To overcome the narrow bandwidth in the orthogonal plane that is typical of patch antennas, the feed network of the disclosed system is designed so that phase-shifting components may be integrated in any of the feed lines. This allows each patch antenna in the antenna array to potentially be fed by a signal of a different phase; alternately patch antennas in the antenna array may be grouped (e.g., in pairs, quads or pairs of quads), and each antenna group to be fed by a signal with a different phase. This enables creation of a broad combined radiation pattern with relatively high gain, resulting in effective coverage. The phased array design has a wide radiation pattern in a first plane and a narrow radiation pattern in a second plane that is orthogonal to the first plane. The phase array design enables reliable signal-tracking and reduces the need for high signal power.

FIG. 1A illustrates an antenna assembly 100 according to the disclosure, viewed from above. The antenna assembly 100 comprises the following main components: a dielectric substrate 101, a plurality of patch antennas, a plurality of micro-strip feed lines connecting various patch antennas to a single output; and a ground plane layer. Each of the micro-strip feed lines can have a pair of phase-shifting components. Dielectric substrate 101 is formed from a suitable dielectric material; is planar or substantially planar; and can measure from about 80 mm to about 130 mm, more preferably about 108 mm in a first dimension and from about 14 mm to about 22 mm in a second dimension, more preferably about 18 mm. The dielectric substrate 101 can have a thickness of 0.15 mm to about 0.35 mm, more preferably 0.25 mm.
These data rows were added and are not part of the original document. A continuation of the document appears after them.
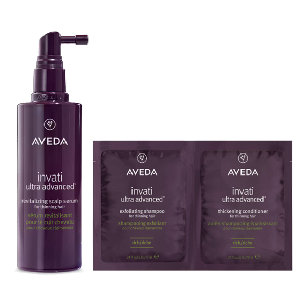 植物由来成分が地肌に素早くなじみ、コーティング成分で髪の根元にコシを与えるヘアデンスケア* 用のスカルプ セラム現品に、やわらかくなめらかな軽い仕上がりのシャンプーとコンディショナーのお試しサイズ入りの限定セット。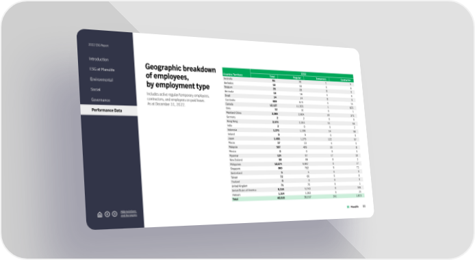 2022 ESG Report Introduction ESG at Manulife Environmental Social Governance Performance Data Abbreviations and Acronyms Geographic breakdown of employees, by employment type Includes active regular/temporary employees, contractors, and employees on paid leave. As at December 31, 2022. Country/Territory 2022 Total Regular Temporary Contractor Australia 84 78 1 5 Barbados 18 18 0 0 Belgium 28 28 0 0 Bermuda 18 18 0 0 Brazil 14 14 0 0 Cambodia 689 674 0 15 Canada 12,127 11,503 1 623 Chile 32 31 0 1 Mainland China 3,289 2,904 10 375 Germany 2 2 0 0 Hong Kong 2,470 2,353 51 66 India 2 0 0 2 Indonesia 1,270 1,198 14 58 Ireland 9 9 0 0 Japan 1,498 1,279 122 97 Macau 37 33 4 0 Malaysia 507 489 10 8 Mexico 0 0 0 0 Myanmar 124 97 17 10 New Zealand 88 86 0 2 Philippines 10,074 9,997 0 77 Singapore 860 782 5 73 Switzerland 5 5 0 0 Taiwan 72 66 6 0 Thailand 0 0 0 0 United Kingdom 71 70 0 1 United States of America 5,316 5,150 0 166 Vietnam 1,314 1,283 0 31 Total 40,018 38,167 241 1,610 88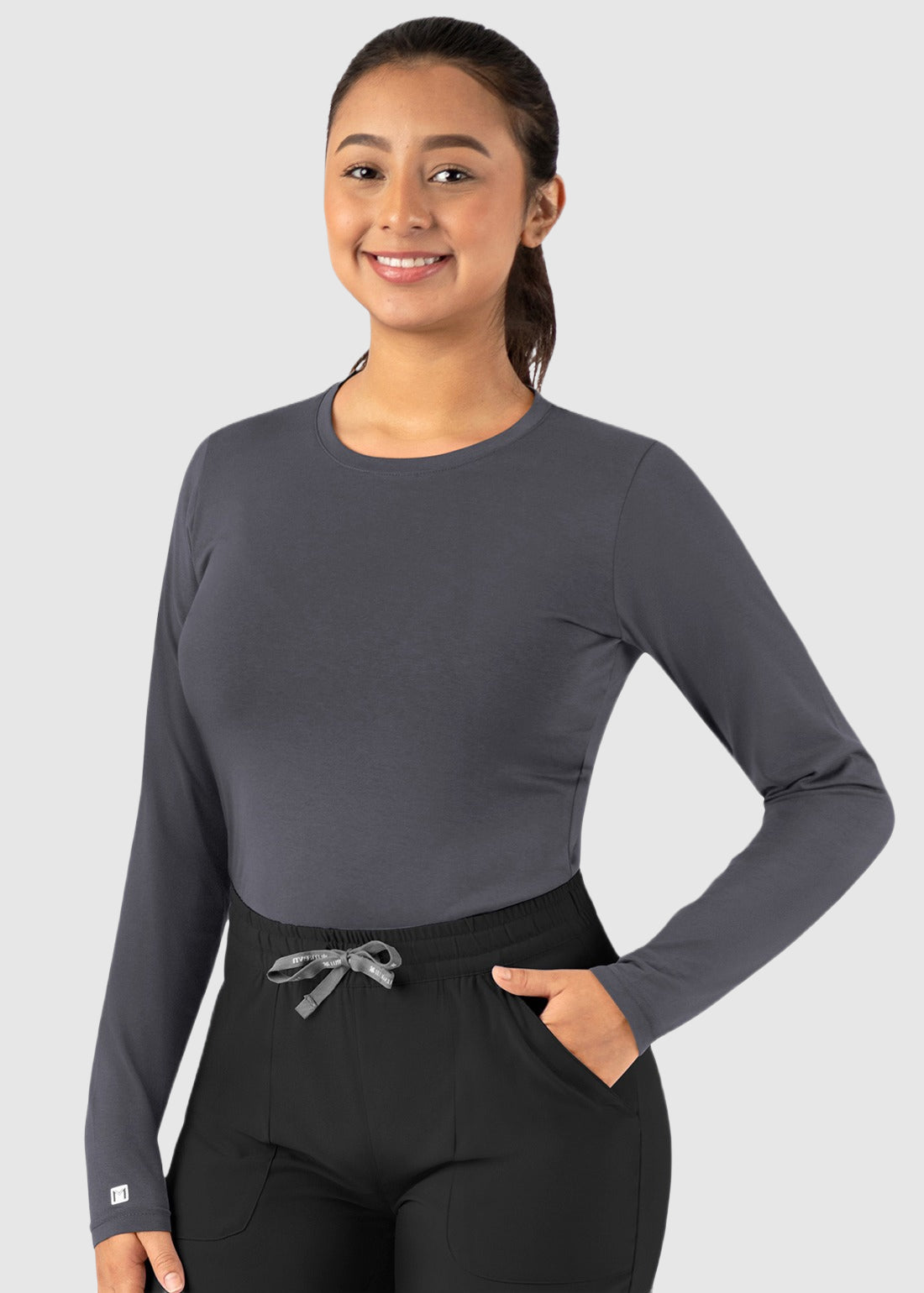 This underscrub tee is incredibly soft. I wear it under my scrubs, and it keeps me warm without being too thick. Perfect for layering

Residing upon the top surface 170 of dielectric substrate 101, are a plurality of patch antennas. The patch antennas are illustrated as having a perimeter shape of substantially square. However, as will be appreciated by those skilled in the art, other shapes of the patch antenna can be used without departing from the scope of the disclosure including, but not limited to: square, rectangular, round, oval, ovoid, and triangular. Any number of patches, odd or even, can be used without departing from the scope of the disclosure. Additionally, the patch antennas can include further components including, but not limited to, for example microstrip transmission line(s), microstrip antenna, and a substrate.
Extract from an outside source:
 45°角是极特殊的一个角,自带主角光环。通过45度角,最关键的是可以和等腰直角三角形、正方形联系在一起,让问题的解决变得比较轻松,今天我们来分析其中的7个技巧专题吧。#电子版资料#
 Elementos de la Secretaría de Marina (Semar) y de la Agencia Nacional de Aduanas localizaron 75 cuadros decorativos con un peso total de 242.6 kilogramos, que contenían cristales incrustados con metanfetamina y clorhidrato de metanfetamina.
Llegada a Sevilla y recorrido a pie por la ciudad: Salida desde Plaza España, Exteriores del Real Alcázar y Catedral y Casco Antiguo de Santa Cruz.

The patch antennas can further be organized into pairs of patch antennas and pairs of antennas into quads of patch antennas. The quads of patch antennas can be paired so that eight patch antennas are connected by nested traces which connect two antennas or two pairs of antenna groups (e.g., quads or quad pairs). The patch antennas are depicted as square elements. However, as will be appreciated by those skilled in the art, other shapes and configurations can be used without departing from the scope of the disclosure. Additionally, the embodiments have been illustrated with sixteen patch antennas. More or fewer than sixteen antennas can be used without departing from the scope of the disclosure. Additionally, the number of total antenna patches can be odd or event and antenna patch multiples, pairs and groups can be two or more antenna patches.
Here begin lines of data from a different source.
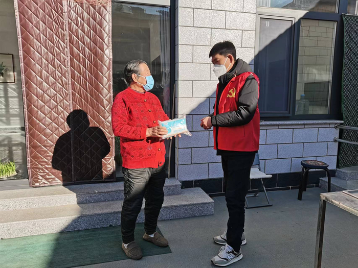 怀柔杨宋镇为辖区内80岁以上老人发放健康包,健康包内装有一次性医用外科口罩和两盒小柴胡颗粒。怀柔区杨宋镇供图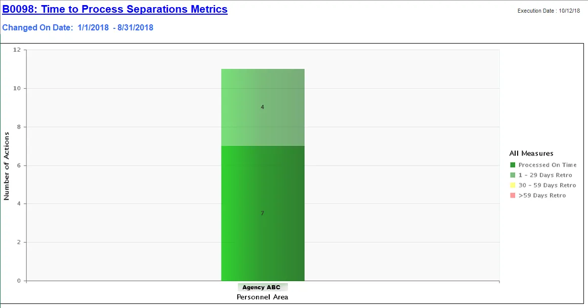 The B0098 Time to Process Separations Metrics report compares the effective date of the employee separation action to the date it was processed to determine whether the change was processed retroactively or not, and if so, by how many days.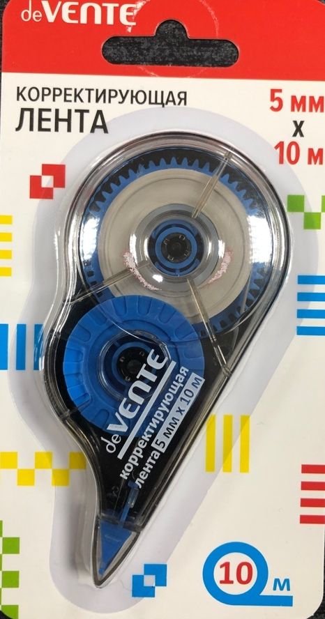 Корректирующая лента "deVENTE" 5 ммx10 м, черно-синий полупрозрачный корпус, фронтальный аппликатор, в картонном блистере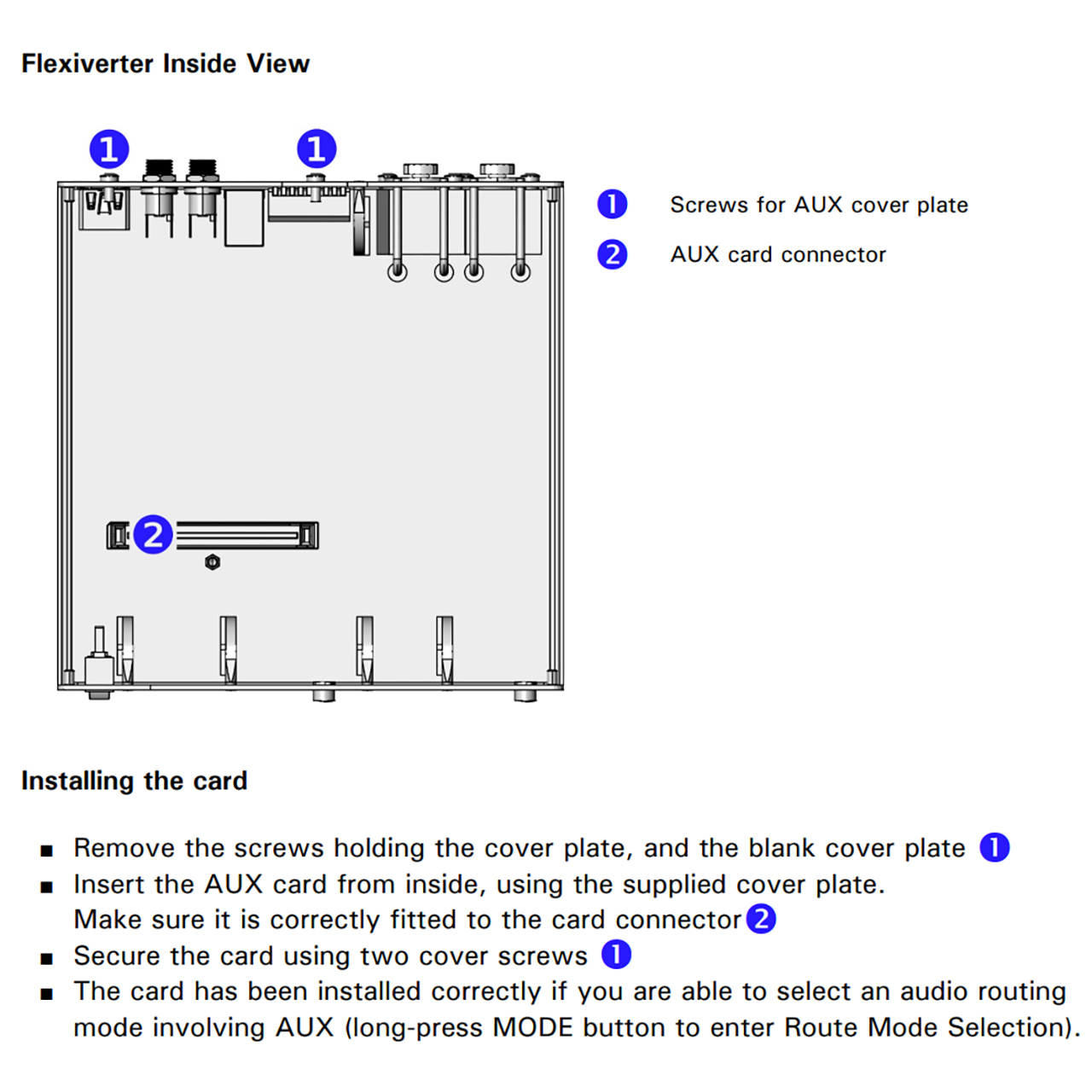 • To use the FLX as standalone converter between the built-in interface and this extension card

FIG. 1A illustrates first antenna patch 102, second antenna patch 104, third antenna patch 106, fourth antenna patch 108, fifth antenna patch 110, sixth antenna patch 112, seventh antenna patch 114, eighth antenna patch 116, ninth antenna patch 118, tenth antenna patch 120, eleventh antenna patch 122, twelfth antenna patch 124, thirteenth antenna patch 126, fourteenth antenna patch 128, fifteenth antenna patch 130, and sixteenth antenna patch 132 (alternatively identified as first antenna patch through sixteenth antenna patch). These patch antennas are illustrated as positioned substantially linearly along the long dimension of dielectric substrate 101 and numbered sequentially from left to right when viewed from above as depicted in FIG. 1A. As will be appreciated by those skilled in the art, the plurality of patch antennas need not be on a single line, as illustrated. The patch antennas can be aligned so that the antennas, or pairs of antennas have different centerlines across the same axis in order to have a staggered position on the dielectric substrate 101.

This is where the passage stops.